> **Information provided**

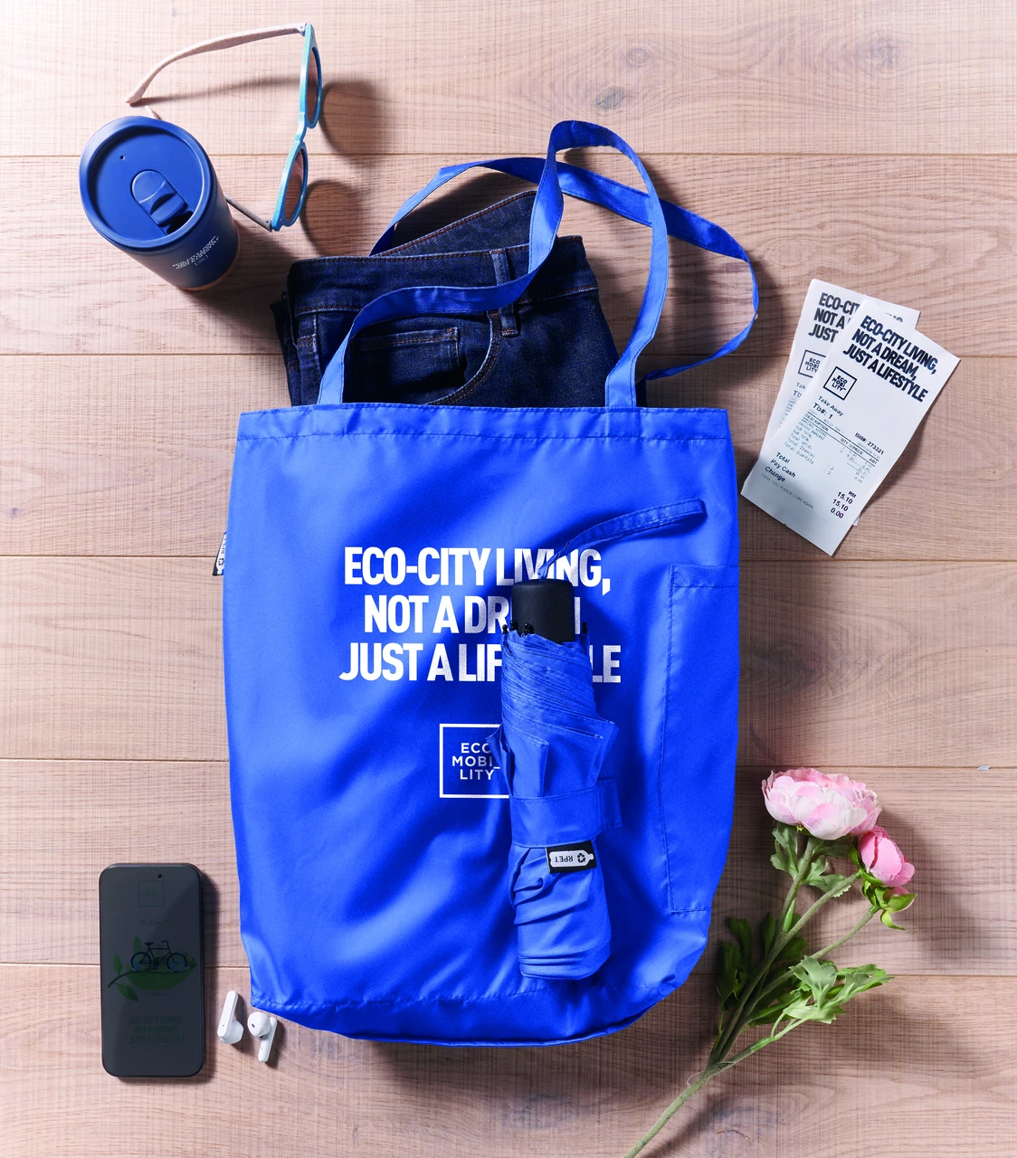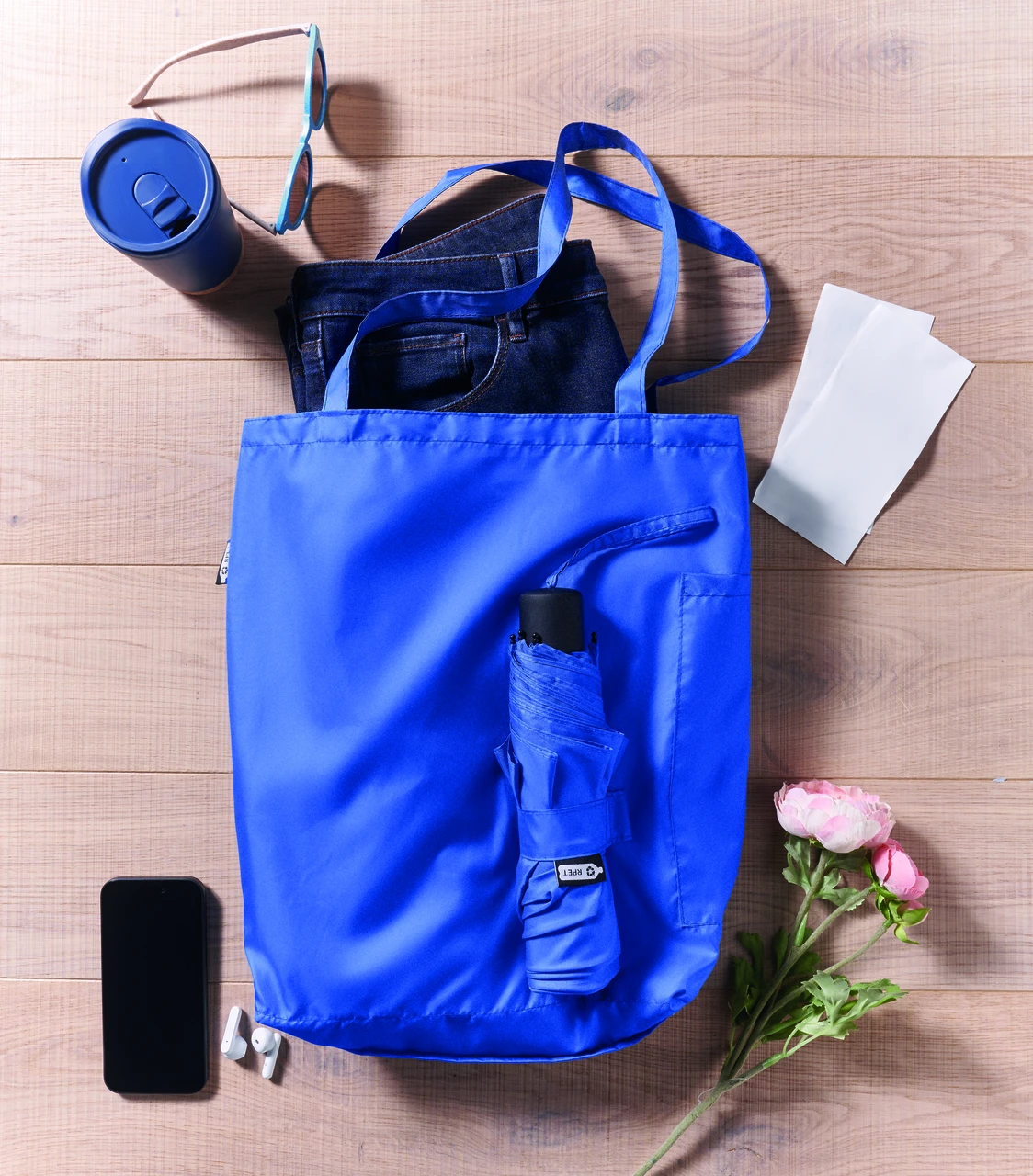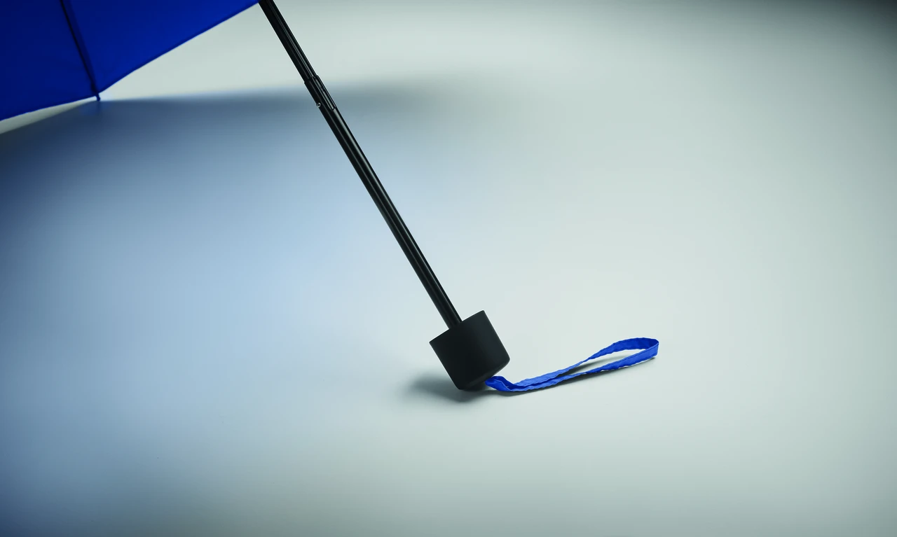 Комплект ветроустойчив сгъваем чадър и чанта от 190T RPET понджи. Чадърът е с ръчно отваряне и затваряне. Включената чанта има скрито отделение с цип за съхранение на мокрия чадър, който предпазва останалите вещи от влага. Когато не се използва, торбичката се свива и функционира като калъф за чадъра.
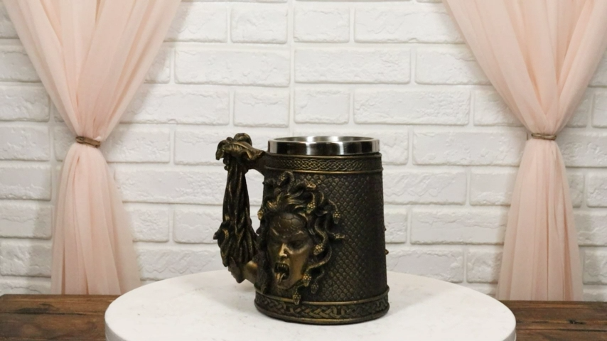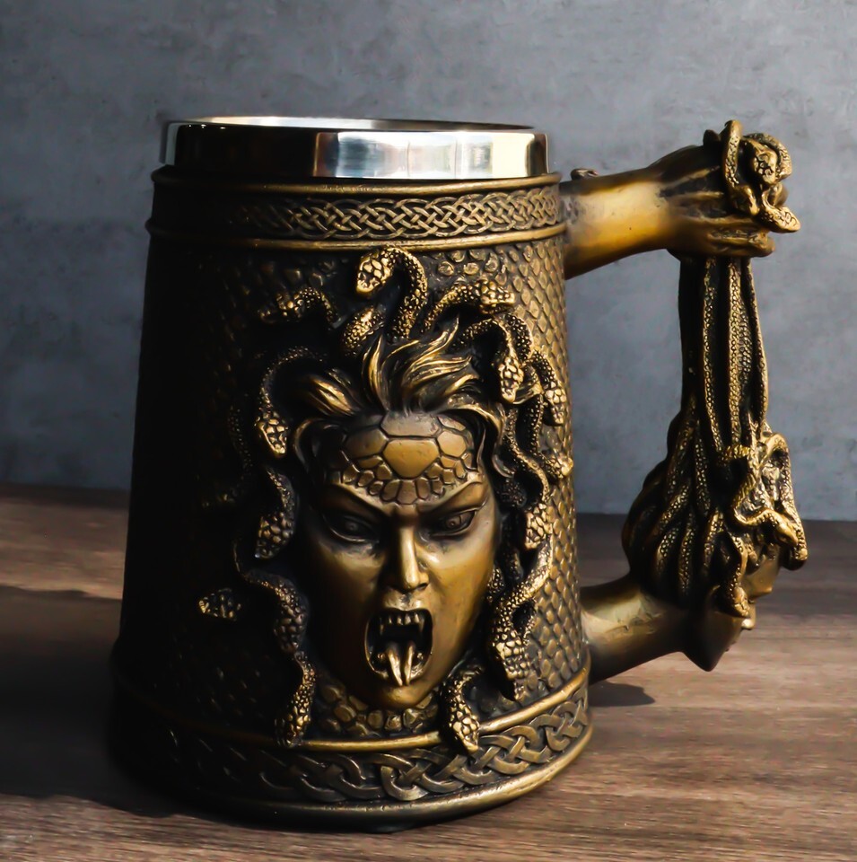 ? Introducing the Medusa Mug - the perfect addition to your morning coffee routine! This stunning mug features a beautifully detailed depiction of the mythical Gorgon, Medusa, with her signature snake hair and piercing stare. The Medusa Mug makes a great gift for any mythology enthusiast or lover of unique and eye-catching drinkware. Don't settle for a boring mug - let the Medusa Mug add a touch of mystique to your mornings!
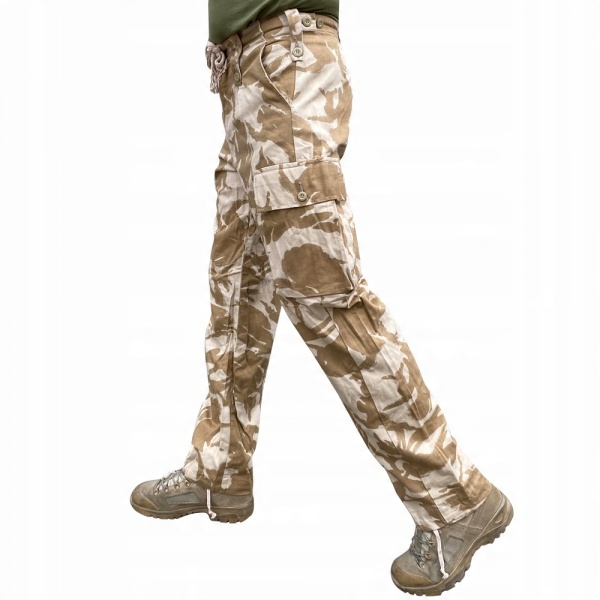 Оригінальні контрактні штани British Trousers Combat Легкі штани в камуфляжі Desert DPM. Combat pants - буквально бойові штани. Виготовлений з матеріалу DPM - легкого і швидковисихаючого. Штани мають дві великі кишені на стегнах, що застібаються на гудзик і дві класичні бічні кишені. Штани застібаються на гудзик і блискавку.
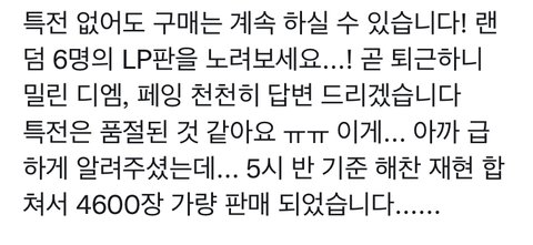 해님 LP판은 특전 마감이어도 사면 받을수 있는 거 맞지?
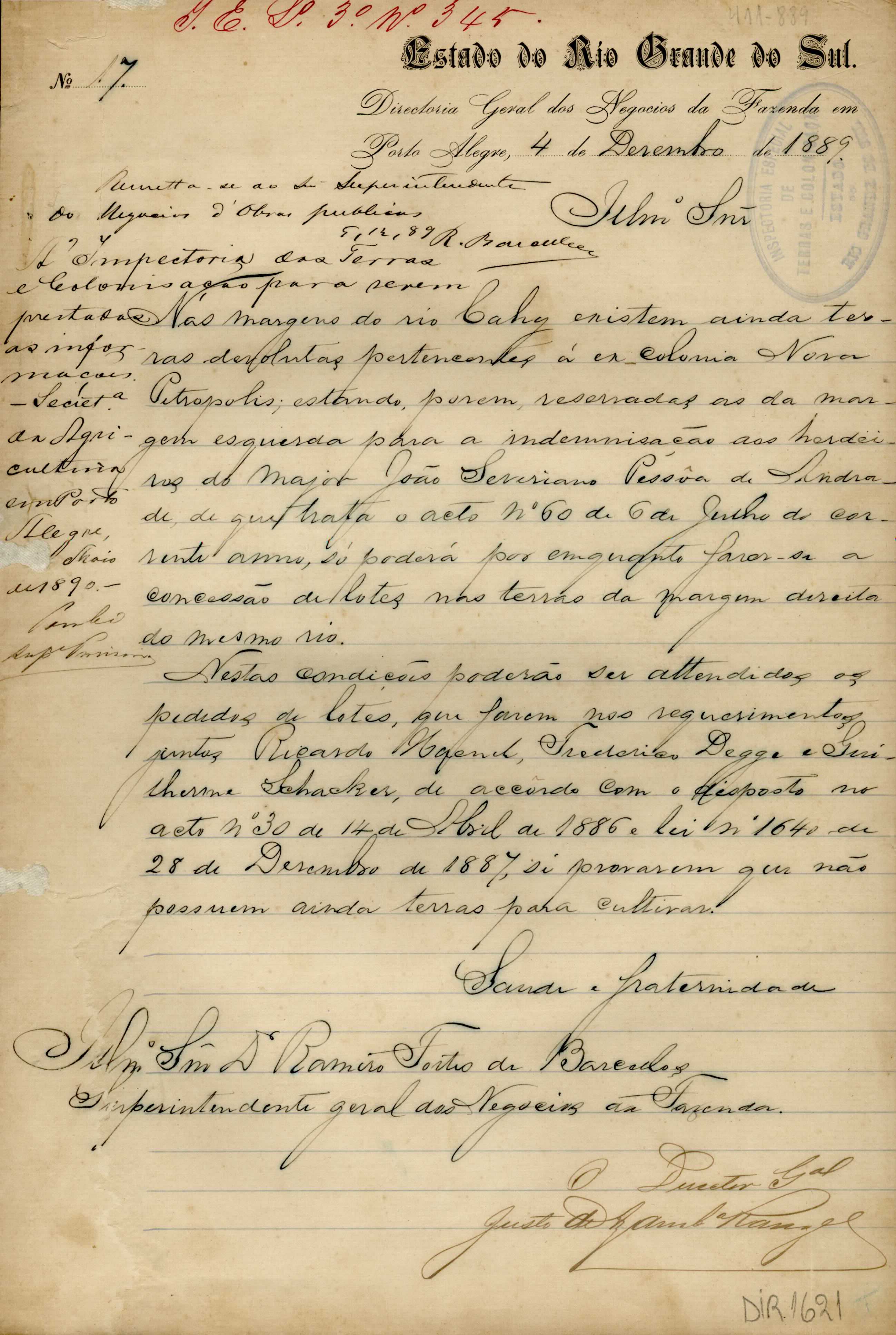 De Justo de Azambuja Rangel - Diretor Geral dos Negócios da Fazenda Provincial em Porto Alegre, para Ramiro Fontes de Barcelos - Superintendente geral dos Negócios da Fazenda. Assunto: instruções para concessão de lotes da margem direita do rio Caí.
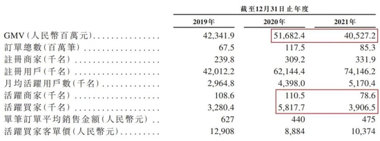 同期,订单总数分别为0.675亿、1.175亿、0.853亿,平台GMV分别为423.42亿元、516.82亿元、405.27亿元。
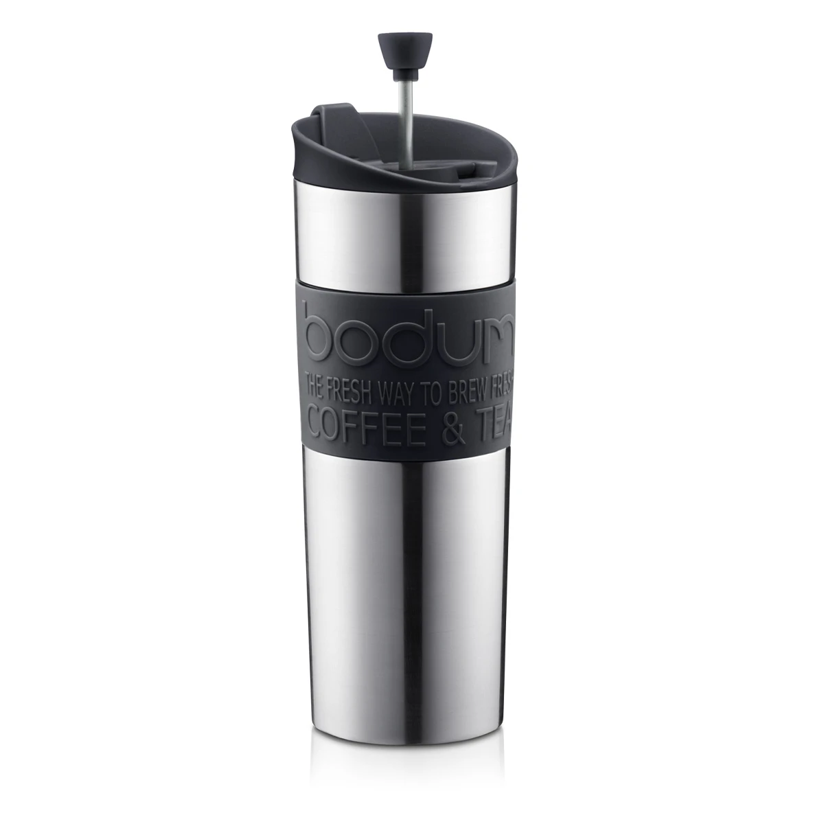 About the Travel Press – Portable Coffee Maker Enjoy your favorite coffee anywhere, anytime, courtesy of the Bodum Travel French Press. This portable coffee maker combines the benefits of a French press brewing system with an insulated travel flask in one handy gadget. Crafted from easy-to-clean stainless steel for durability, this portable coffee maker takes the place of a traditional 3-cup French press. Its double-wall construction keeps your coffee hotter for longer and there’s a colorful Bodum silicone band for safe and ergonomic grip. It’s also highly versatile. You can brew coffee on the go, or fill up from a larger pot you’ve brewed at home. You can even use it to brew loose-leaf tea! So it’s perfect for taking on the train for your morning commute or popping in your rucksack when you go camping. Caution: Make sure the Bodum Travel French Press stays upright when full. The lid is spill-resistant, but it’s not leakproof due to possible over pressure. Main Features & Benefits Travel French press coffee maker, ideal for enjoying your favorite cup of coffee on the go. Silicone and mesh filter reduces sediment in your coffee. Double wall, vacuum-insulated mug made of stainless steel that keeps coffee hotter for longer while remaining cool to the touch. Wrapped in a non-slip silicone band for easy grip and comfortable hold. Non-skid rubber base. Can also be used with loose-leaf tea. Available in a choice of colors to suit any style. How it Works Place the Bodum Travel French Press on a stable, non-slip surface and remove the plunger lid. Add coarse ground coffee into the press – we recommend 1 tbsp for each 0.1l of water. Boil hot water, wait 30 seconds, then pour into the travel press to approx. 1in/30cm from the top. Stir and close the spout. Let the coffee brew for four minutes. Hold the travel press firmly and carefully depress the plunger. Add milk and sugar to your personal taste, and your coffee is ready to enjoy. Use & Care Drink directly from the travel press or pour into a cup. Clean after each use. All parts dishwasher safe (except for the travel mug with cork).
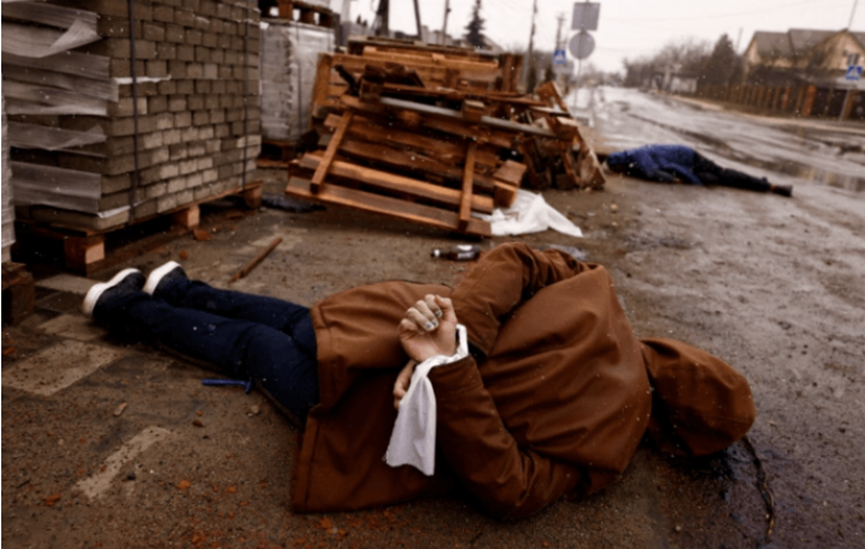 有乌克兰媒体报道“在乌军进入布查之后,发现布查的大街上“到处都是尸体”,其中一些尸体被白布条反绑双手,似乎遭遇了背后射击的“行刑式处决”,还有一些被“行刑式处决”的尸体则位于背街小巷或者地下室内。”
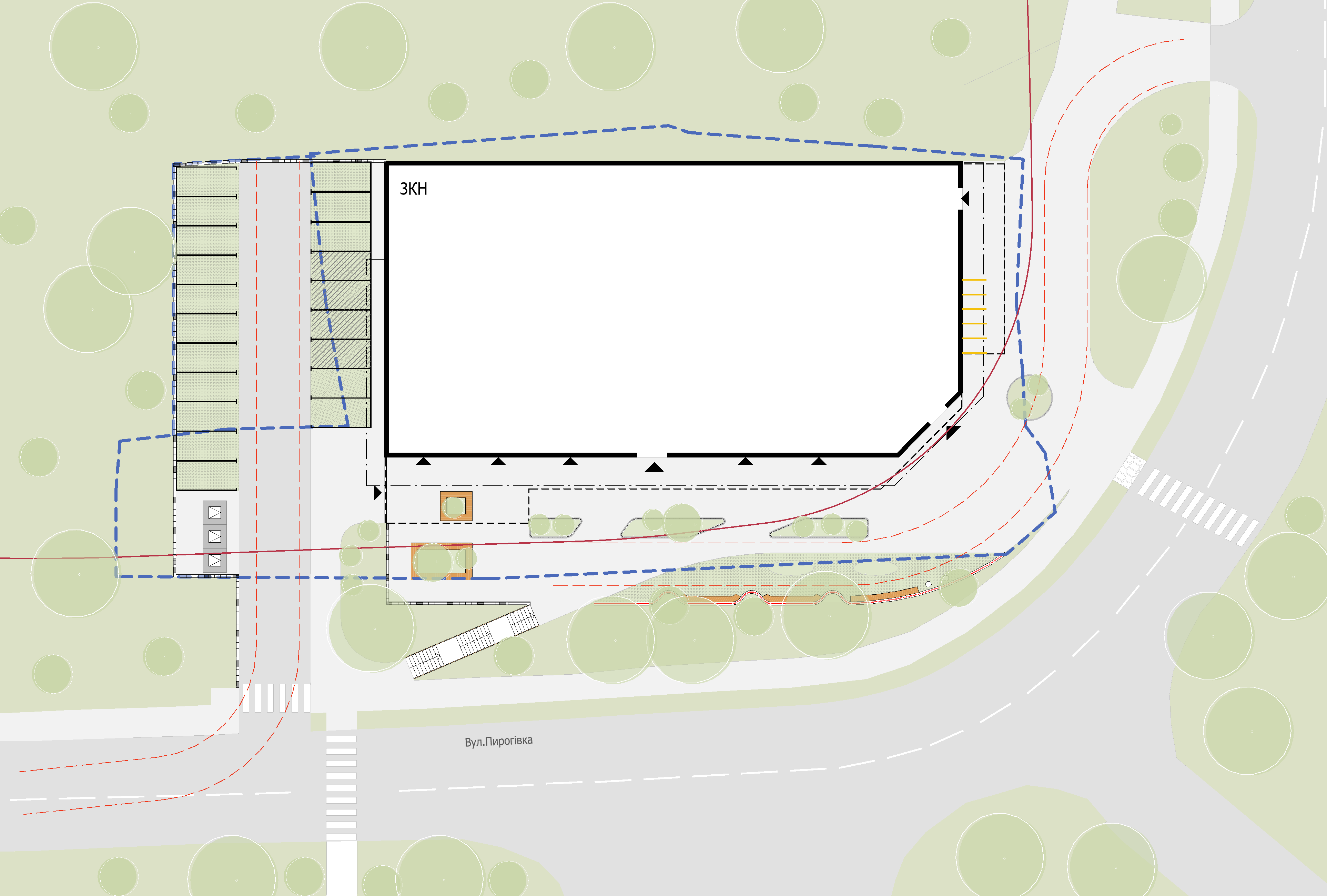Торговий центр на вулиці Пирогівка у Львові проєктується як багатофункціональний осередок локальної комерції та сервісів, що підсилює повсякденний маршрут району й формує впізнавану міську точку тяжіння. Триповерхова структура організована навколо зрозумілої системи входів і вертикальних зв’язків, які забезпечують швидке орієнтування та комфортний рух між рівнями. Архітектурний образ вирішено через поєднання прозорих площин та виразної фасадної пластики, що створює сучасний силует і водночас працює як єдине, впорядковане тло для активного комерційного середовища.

> **Exercise directions**
Since the copy must contain no pictures, return only the text of the records, exactly as it stands.

> **Task answer**
 Комплект ветроустойчив сгъваем чадър и чанта от 190T RPET понджи. Чадърът е с ръчно отваряне и затваряне. Включената чанта има скрито отделение с цип за съхранение на мокрия чадър, който предпазва останалите вещи от влага. Когато не се използва, торбичката се свива и функционира като калъф за чадъра.
 ? Introducing the Medusa Mug - the perfect addition to your morning coffee routine! This stunning mug features a beautifully detailed depiction of the mythical Gorgon, Medusa, with her signature snake hair and piercing stare. The Medusa Mug makes a great gift for any mythology enthusiast or lover of unique and eye-catching drinkware. Don't settle for a boring mug - let the Medusa Mug add a touch of mystique to your mornings!
 Оригінальні контрактні штани British Trousers Combat Легкі штани в камуфляжі Desert DPM. Combat pants - буквально бойові штани. Виготовлений з матеріалу DPM - легкого і швидковисихаючого. Штани мають дві великі кишені на стегнах, що застібаються на гудзик і дві класичні бічні кишені. Штани застібаються на гудзик і блискавку.
 해님 LP판은 특전 마감이어도 사면 받을수 있는 거 맞지?
 De Justo de Azambuja Rangel - Diretor Geral dos Negócios da Fazenda Provincial em Porto Alegre, para Ramiro Fontes de Barcelos - Superintendente geral dos Negócios da Fazenda. Assunto: instruções para concessão de lotes da margem direita do rio Caí.
 同期,订单总数分别为0.675亿、1.175亿、0.853亿,平台GMV分别为423.42亿元、516.82亿元、405.27亿元。
 About the Travel Press – Portable Coffee Maker Enjoy your favorite coffee anywhere, anytime, courtesy of the Bodum Travel French Press. This portable coffee maker combines the benefits of a French press brewing system with an insulated travel flask in one handy gadget. Crafted from easy-to-clean stainless steel for durability, this portable coffee maker takes the place of a traditional 3-cup French press. Its double-wall construction keeps your coffee hotter for longer and there’s a colorful Bodum silicone band for safe and ergonomic grip. It’s also highly versatile. You can brew coffee on the go, or fill up from a larger pot you’ve brewed at home. You can even use it to brew loose-leaf tea! So it’s perfect for taking on the train for your morning commute or popping in your rucksack when you go camping. Caution: Make sure the Bodum Travel French Press stays upright when full. The lid is spill-resistant, but it’s not leakproof due to possible over pressure. Main Features & Benefits Travel French press coffee maker, ideal for enjoying your favorite cup of coffee on the go. Silicone and mesh filter reduces sediment in your coffee. Double wall, vacuum-insulated mug made of stainless steel that keeps coffee hotter for longer while remaining cool to the touch. Wrapped in a non-slip silicone band for easy grip and comfortable hold. Non-skid rubber base. Can also be used with loose-leaf tea. Available in a choice of colors to suit any style. How it Works Place the Bodum Travel French Press on a stable, non-slip surface and remove the plunger lid. Add coarse ground coffee into the press – we recommend 1 tbsp for each 0.1l of water. Boil hot water, wait 30 seconds, then pour into the travel press to approx. 1in/30cm from the top. Stir and close the spout. Let the coffee brew for four minutes. Hold the travel press firmly and carefully depress the plunger. Add milk and sugar to your personal taste, and your coffee is ready to enjoy. Use & Care Drink directly from the travel press or pour into a cup. Clean after each use. All parts dishwasher safe (except for the travel mug with cork).
 有乌克兰媒体报道“在乌军进入布查之后,发现布查的大街上“到处都是尸体”,其中一些尸体被白布条反绑双手,似乎遭遇了背后射击的“行刑式处决”,还有一些被“行刑式处决”的尸体则位于背街小巷或者地下室内。”
Торговий центр на вулиці Пирогівка у Львові проєктується як багатофункціональний осередок локальної комерції та сервісів, що підсилює повсякденний маршрут району й формує впізнавану міську точку тяжіння. Триповерхова структура організована навколо зрозумілої системи входів і вертикальних зв’язків, які забезпечують швидке орієнтування та комфортний рух між рівнями. Архітектурний образ вирішено через поєднання прозорих площин та виразної фасадної пластики, що створює сучасний силует і водночас працює як єдине, впорядковане тло для активного комерційного середовища.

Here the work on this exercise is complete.